The St. Petersburg Paradox is a classic problem in the general area of gambling, probability theory, risk aversion and the marginal utility of money. It was first posed by Nicolaus Bernoulli in 1713 and the solution was given in terms of marginal utility in 1738 by Daniel Bernoulli, his cousin. In most games we rationally expect a fair price to play the game is the expectation value, perhaps slightly less if you are risk averse. In general you should be happy to pay five or a bit less dollars for a game where, if a head comes up you win $10 and get $0 if its a tail. In many other games people are even happy to pay more than this, eg. Roulette.

Ok so what about the following game. How much would you pay to play it?

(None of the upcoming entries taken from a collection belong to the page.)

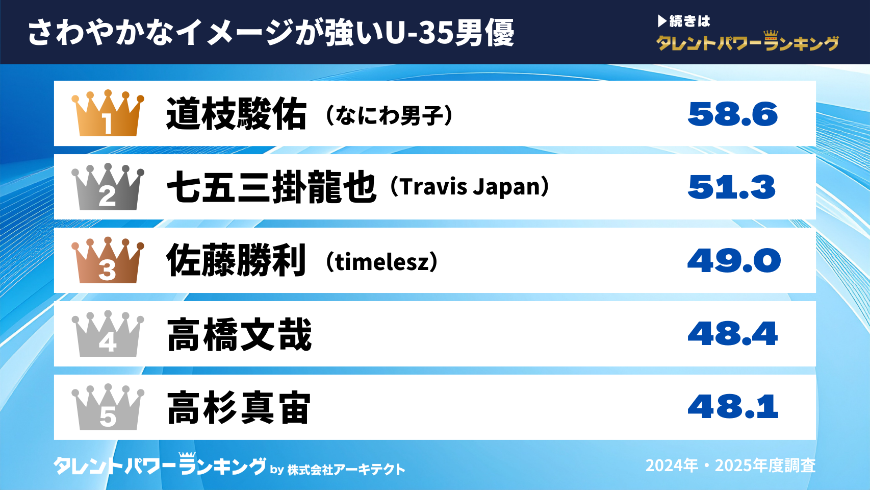 『タレントパワーランキング』では、タレントパワーランキングに登録されている、「さわやかな」イメージを持たれている35歳以下の男優のイメージスコアを調査。
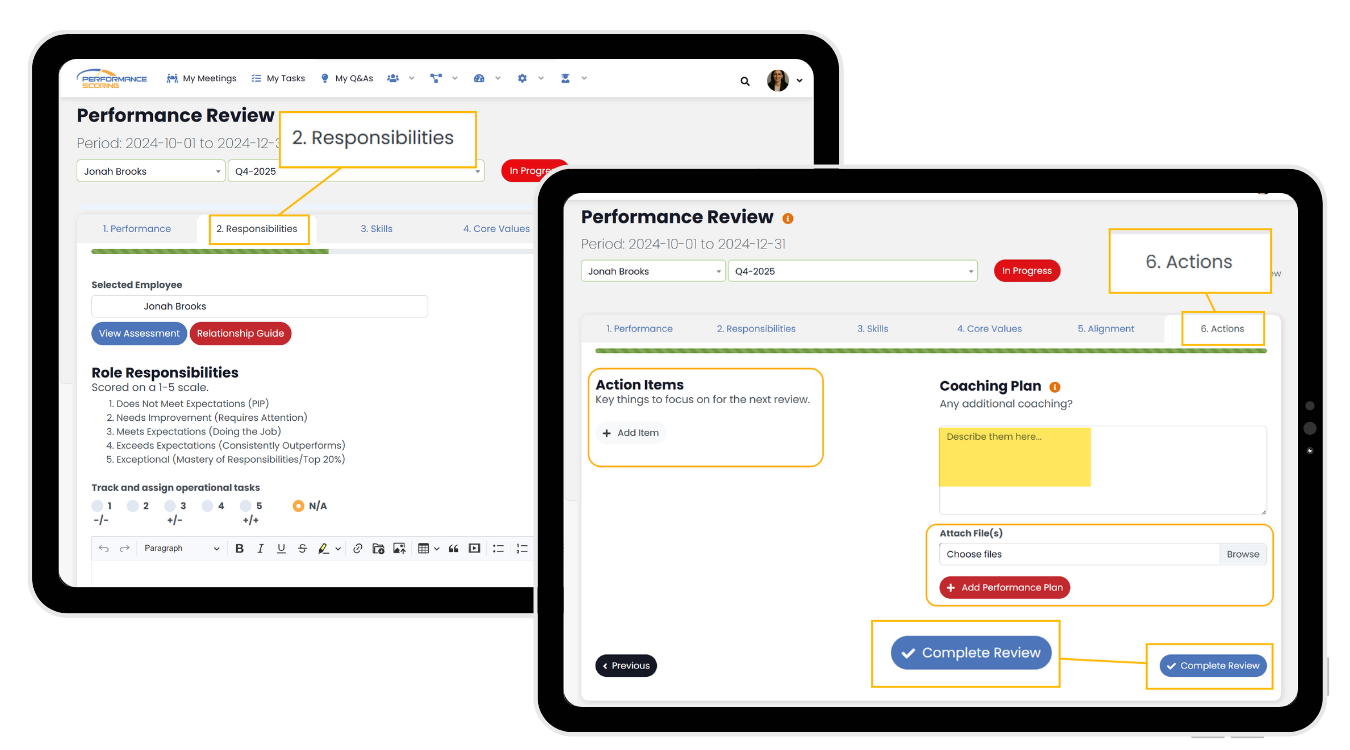 Performance Scoring is designed to make reviews collaborative — not one-sided.
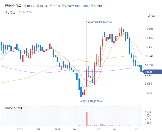 롯데하이마트(071840)의 흐름을 한 번 보도록 하겠습니다.
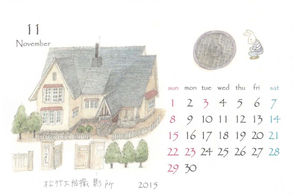 カレンダーの左側に描いた建物は、かつて大船撮影所の門を入るとすぐに見えた建物で、川喜多の展示写真をヒントに調べて描さました。これは大船田園都市構想を推進した渡辺銀行の渡辺六郎氏の邸宅を移築した建物で、撮影所開所当時は所員の親交を深めるクラブとして使用され、後に宣伝部、スチール、映写部が使っていました。右上には先にも触れたマンホールを描きました。
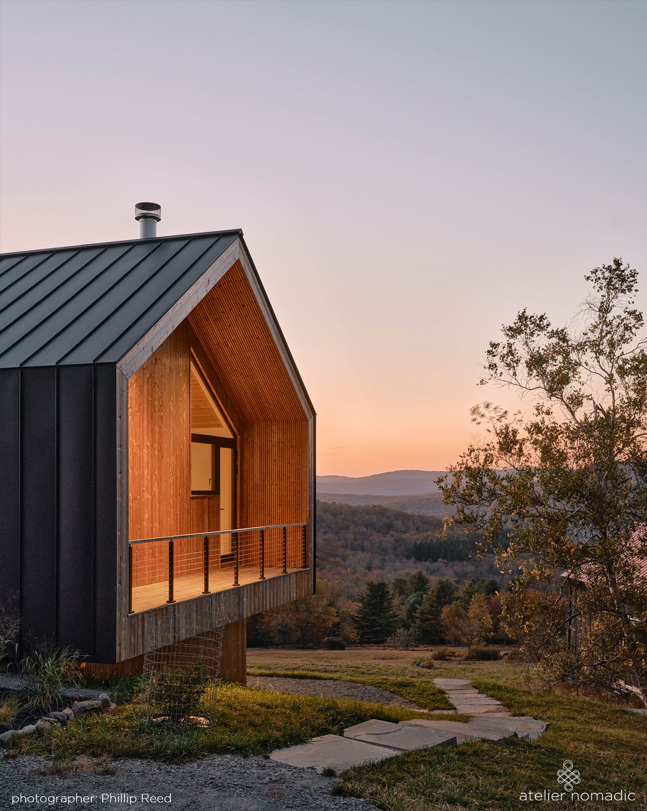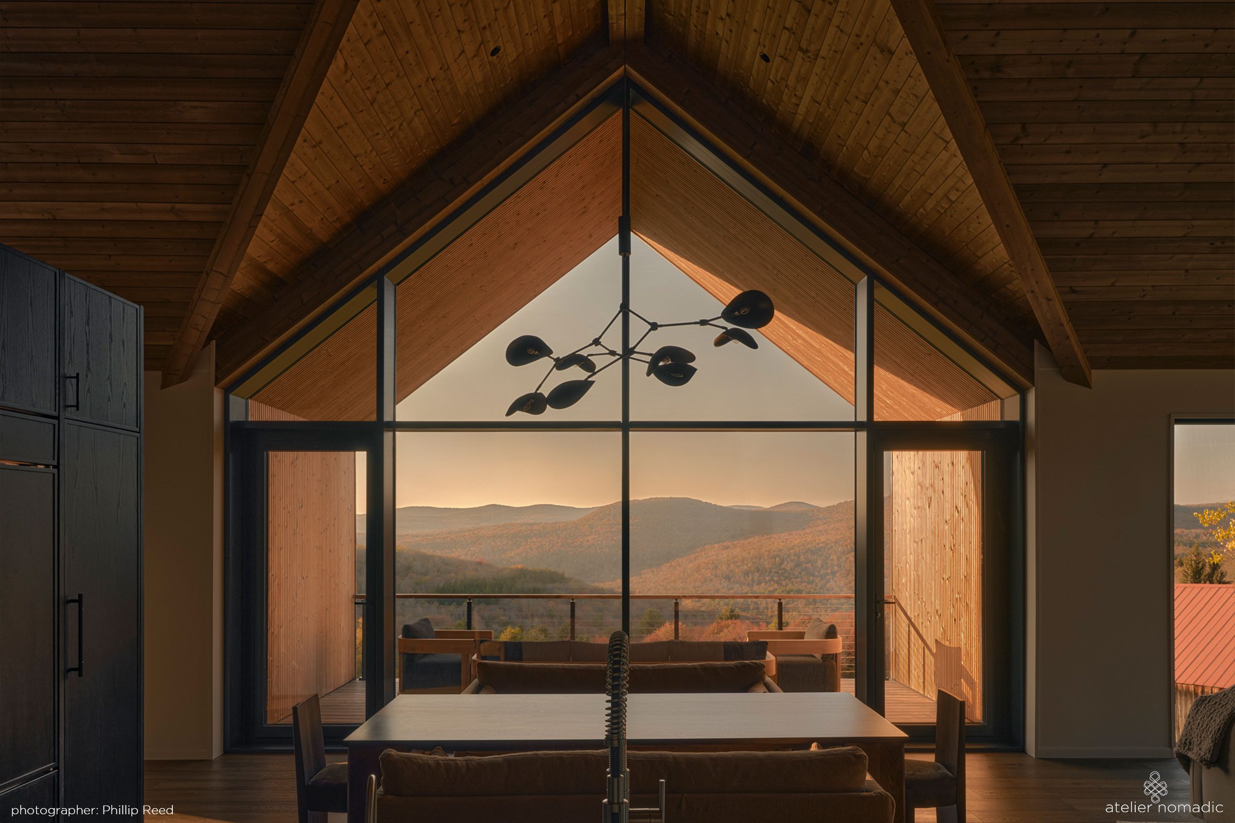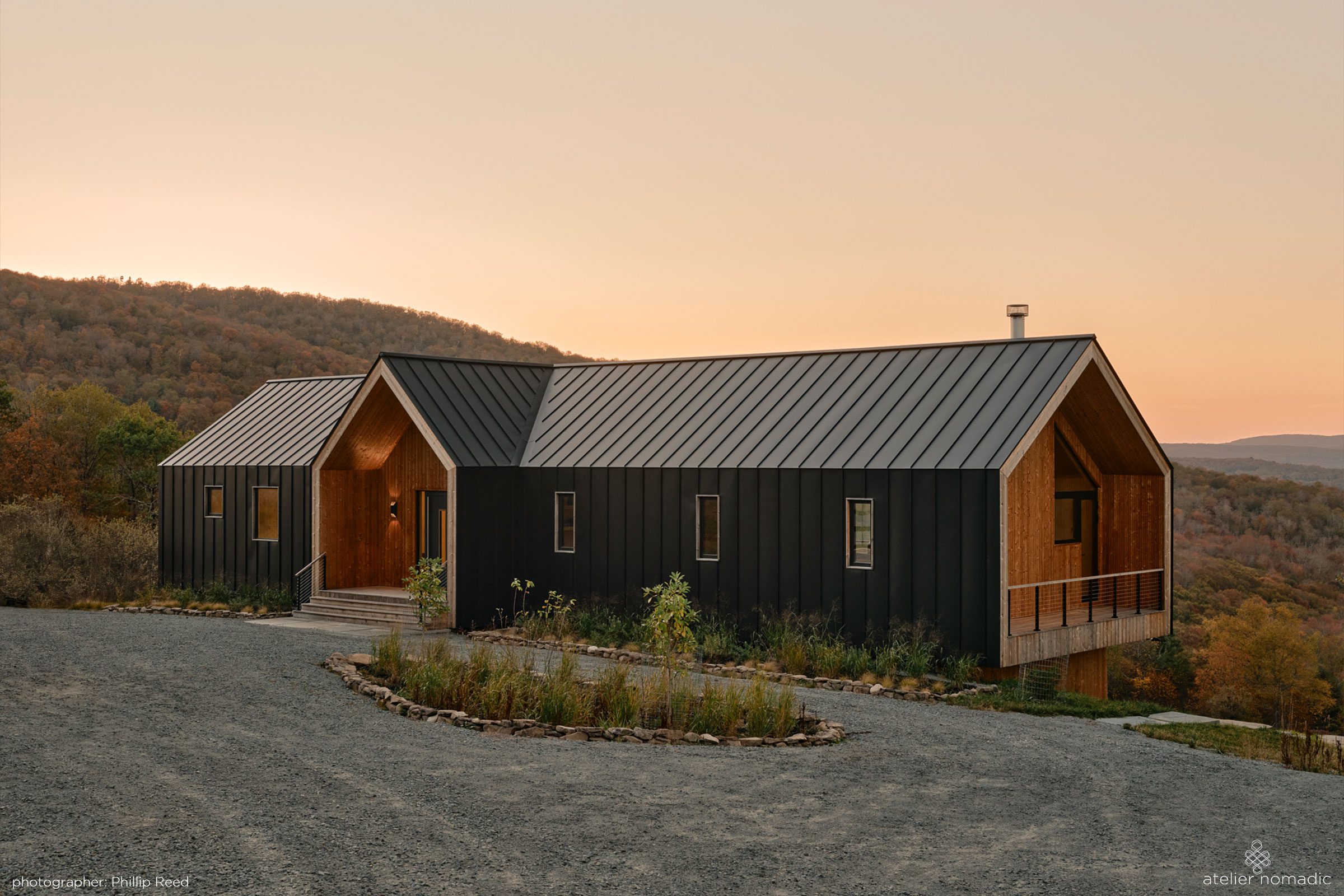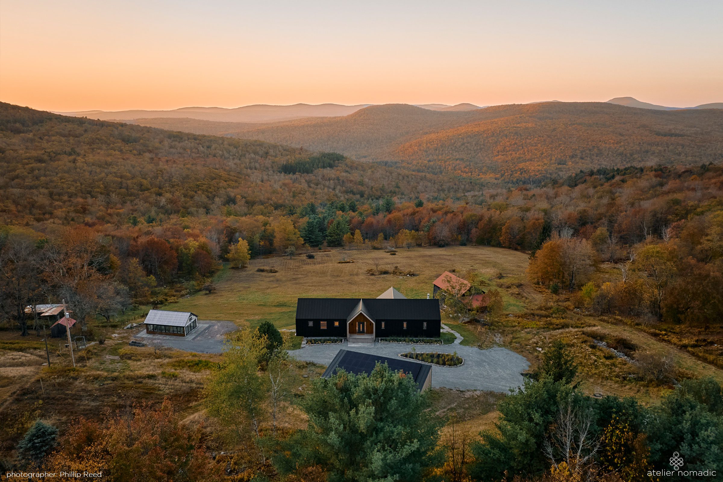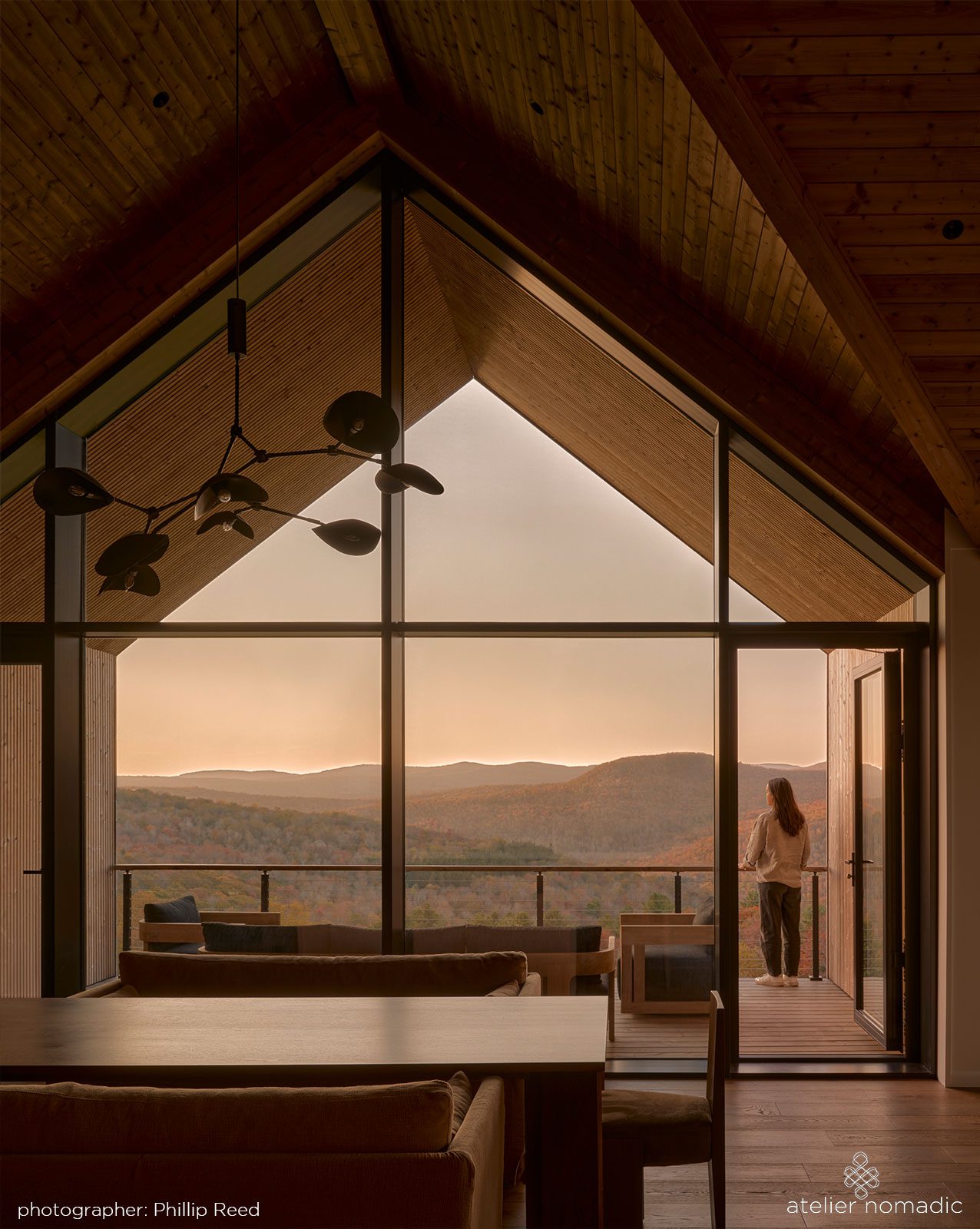 The four‑bedroom villa fuses contemporary sustainability with the vernacular spirit of the Catskills — echoing the region’s historic barns and the romantic landscapes immortalized by Hudson River School painters. At 3,630 square feet, the residence is carefully sited to embrace panoramic views of the northern hills, with cantilevered balconies framing sunrise, sunset, and the drama of the changing seasons.

I have a pot of $2. I flip a coin. If it comes up tails then you win the pot, if it comes up heads then I double the pot and we play another round, and so forth. Each time we get a head the amount in the pot doubles and we play again. So if the first tail is in the nth round you win $2^n. So far so good, but what happens when we calculate the expectation? What do we get?

The chance of getting tail in round “n” is (1/2)^n. The pay off is 2^n, so the expected value per round is $1. However there are potentially infinite numbers of rounds. The expectation therefore is also infinite.

Clearly no one in their right mind would pay that amount of money even if they could. If you were to pay only $1000, you would only make money 0.05% of the time, even if in a small number proportion of those cases you are fabulously wealthy.

The solution proposed by Daniel Bernoulli was to have a concept of utility of money, where the value of money to a person was essentially logarithmic. If you got twices as much, it was only one extra unit of utility to you. This lets you get a finite answer to the problem, and a value that is probably more realistic to what someone would actually pay to play.

More pragmatically you could point out that our intuitive feel for the price has more to do with the fact that any such game is in reality finite. There is only so much money in the world, and given that you would reach something of the order of the total monetary value of the earth in around 40 something rounds the game should be capped there. Capping the game at that level gives you an expectation of $40 ($1 per round). Perhaps not such a paradox after all.

You could also compare this to the pay outs on actual lottery games which while different probably have the most similar pay off profiles of various gambling games, and see how much people pay to play them, and contrast this with a say 20 round St. Petersburg game (maximum pay out around $1,000,000) which should have a fair price of $20.

Looking at the nsw lotteries annual report for 2004, we find that the chance of a first prize in Lotto is (correctly picking 6 from 45) is around 1 in 8 million for a single game. First division prize is $1,000,000 for the Monday game, but only 21 million dollar payouts were made because of prize splitting around half the draws. The cost per game is $0.30 plus agents commission (3 to 5c/game, cheaper in bulk).

Considering the Monday night first prize which is presumably $52 million total over a year, and is won by around 80 odd people in this time the expected pay out is something of the order of $650,000. At odds of 1 in 8 million, the fair value is $0.08, but of course, like the St Petersburg game, there is a fair bit of value in the intermediate prizes, Lotto, like St Petersburg, paying out around half of its total prizes in smaller prizes. This makes the fair cost go up to around $0.16 per game, about half the amount actually paid. This rough calculation broadly agrees with the overall pool figures of $141.2 mil of prizes for $231.4 mil in sales, giving a fair price of $0.18 per game.

This has a fairly drastic impact on the idea of declining marginal utility, at least for the people playing lotteries. These same people would presumably pay $32 for a 20 round St. Petersburg game. Rather than marginal utility decreasing with wealth, it seems they have increasing marginal utility of money. This seems strange, but perhaps is not totally ridiculous.

For many people getting together capital to start a business or buy a house may be prohibitive at their current incomes. Lotteries for these people are perceived as at least a chance of getting together a pool of money they could never have dreamed of saving for a small cost per week.

For most people though I think the willingness to pay an unfair price is explained by the flutter of excitement as the numbers come down, which for them is well worth the couple of dollars they may have paid away each week.

For me its hard to believe that many people wouldn’t play any real St. Petersburg game at the fair price. They will play lotto for even less. The paradox only arises because ultimately, in reality, the pool is capped. People rightly value an infintesimal chance of an infinite pay off as zero rather than 1, because it is unpayable.